Key Responsibilities:
  • Obtain and review new raw material documentation from suppliers to catalog into our ERP System.
  • Contribute to our Global Regulatory Group by assisting with National regulatory matters.
  • Define regulatory constraints, safe handling and storage requirements, proper disposal methods, and shipping classification for finished materials.
  • Develop a deep understanding of our Color and Additive department strategies to accelerate new product introductions and boost launch efficiency.
  • Provide regulatory strategy input to project teams and assist in development of project objectives.
  • Oversee the effectiveness and compliance of new employee safety training.
Quality Management:
  • Maintain the integrity of our Quality Management System according to ISO 9001:2015.
  • Work closely with Production, Engineering, and Quality teams to ensure compliance.
  • Lead customer reviews/quality audits and lead quality audits/reviews via relevant regulatory agencies.
  • Communicate best practices to promote systemic improvements and establish good communication internally and externally.
  • Identify, create, and manage controlled documentation, processes, and checklists.
  • Prepare and conduct internal audits at scheduled intervals and review relevant corrective actions/nonconformances.
Competencies:
  • Approve or recommend rejection of developmental products and new raw materials based on safety, health, and compliance risks.

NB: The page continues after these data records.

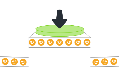 Sometimes you want to control how things fade, like the brightness of a light or the volume or pitch of a sound. Potentiometers are the knobs or sliders that you often find on audio equipment or dimmers on walls. What they do is split the corridor between two exits. (It's called a "voltage divider" for this reason.) This is also why they have three legs instead of two. The two corridors share the middle leg and turning the knob lets more kids out one leg and less out the other.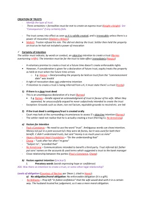 The notes summarise theory and case law, laying out an easy-to-follow process for application. I studied Trusts in Semester 1, 2016 and got a HD (81).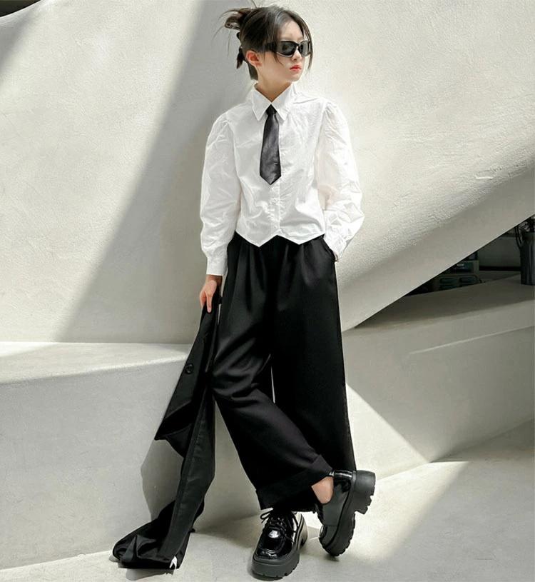 シアースリーブ ドッキングシャツ ボウタイシャツブラウス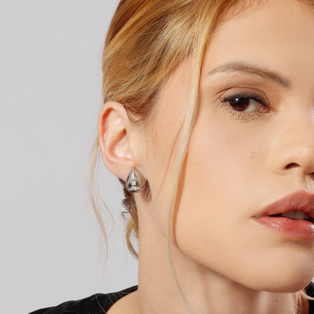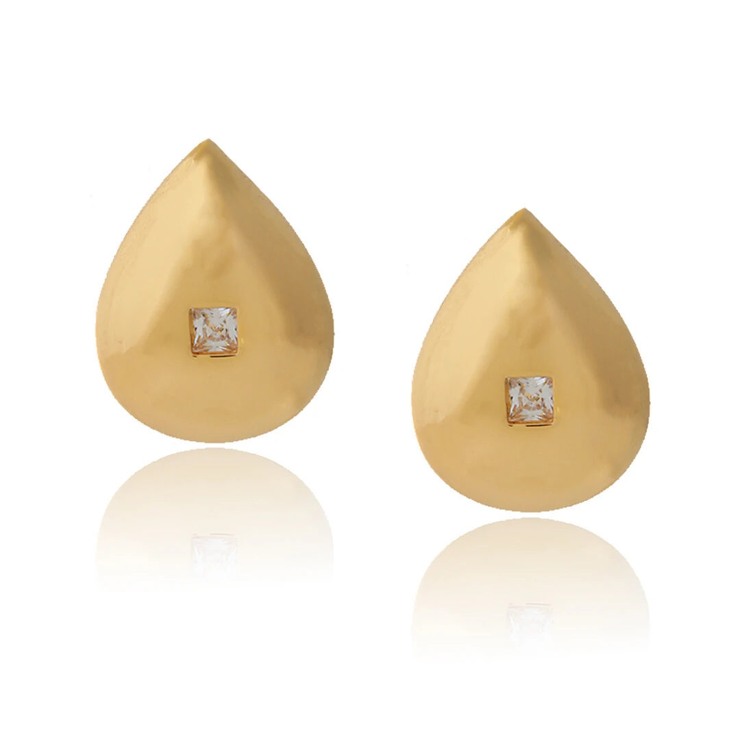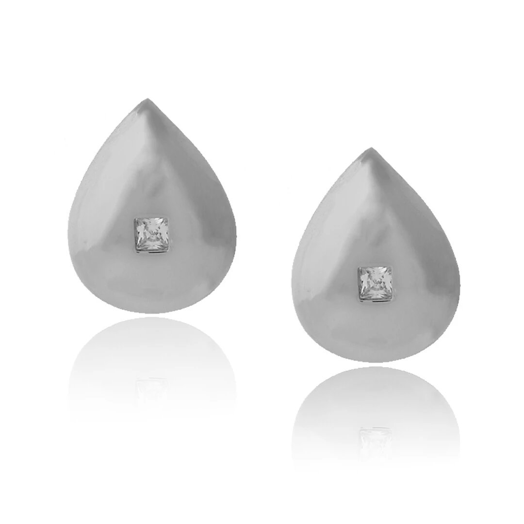 Brinco com superfície lisa em formato de gota com detalhe central em zircônia

  • Monitor Regulatory Literature for changes and develop internal policies related to external affairs.
  • Successfully communicate across regions and functions, providing clarity on new substance notification strategies, data requirements, statuses, and timelines.
  • Employ hazard mediation and advocacy skills to ensure agency regulations and risk management controls on company products and substances are in compliance.

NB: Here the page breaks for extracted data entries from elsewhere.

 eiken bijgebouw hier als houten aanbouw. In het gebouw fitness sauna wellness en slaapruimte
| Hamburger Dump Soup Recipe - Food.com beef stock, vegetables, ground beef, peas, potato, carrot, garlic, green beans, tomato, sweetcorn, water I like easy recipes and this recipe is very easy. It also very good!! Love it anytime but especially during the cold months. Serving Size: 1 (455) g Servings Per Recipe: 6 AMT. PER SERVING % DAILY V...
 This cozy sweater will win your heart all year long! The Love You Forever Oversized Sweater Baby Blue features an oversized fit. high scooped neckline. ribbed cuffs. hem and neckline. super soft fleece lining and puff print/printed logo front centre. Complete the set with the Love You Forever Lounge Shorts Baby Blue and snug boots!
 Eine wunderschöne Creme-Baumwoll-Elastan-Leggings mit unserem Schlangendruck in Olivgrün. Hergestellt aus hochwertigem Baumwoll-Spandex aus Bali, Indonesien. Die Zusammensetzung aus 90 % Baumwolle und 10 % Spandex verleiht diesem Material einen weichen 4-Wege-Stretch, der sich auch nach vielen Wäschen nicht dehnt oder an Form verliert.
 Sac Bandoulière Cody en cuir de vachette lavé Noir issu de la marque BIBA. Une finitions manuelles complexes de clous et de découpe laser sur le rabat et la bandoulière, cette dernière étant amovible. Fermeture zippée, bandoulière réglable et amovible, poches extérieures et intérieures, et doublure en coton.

  • Competency with respect to global regulations governing chemical management, chemical hazard communication, chemical use, dangerous goods transportation, and banned/restricted substances.
  • Understanding of worldwide chemical-control regulatory requirements for the manufacture, distribution, and sale of chemical products to help the company meet regulatory deliverables within commercialization program deadlines.
  • Respond to customer and other external requests related to product declarations and certifications.
  • Monitor emerging regulatory requirements and industry trends to advise business units on portfolio impact and opportunities.
  • Coordinate with third-party consultants, as needed, to enable compliance with global regulations.

Requirements:

  • Bachelor's in chemistry/biology or relevant field.
  • A minimum of 5 years' experience in product regulations and/or regulatory affairs or related field impacted by EHS.
  • Knowledgeable in GHS, Hazard Communications Standards, California Proposition 65, and Food Contact Regulations.
  • Proficiency with Microsoft Office, including Word, Excel, PowerPoint, and Outlook.
  • Willingness to participate in training and continuing education required.
  • Ability to write and present information in one-on-one and small group situations to customers, vendors, and other company employees.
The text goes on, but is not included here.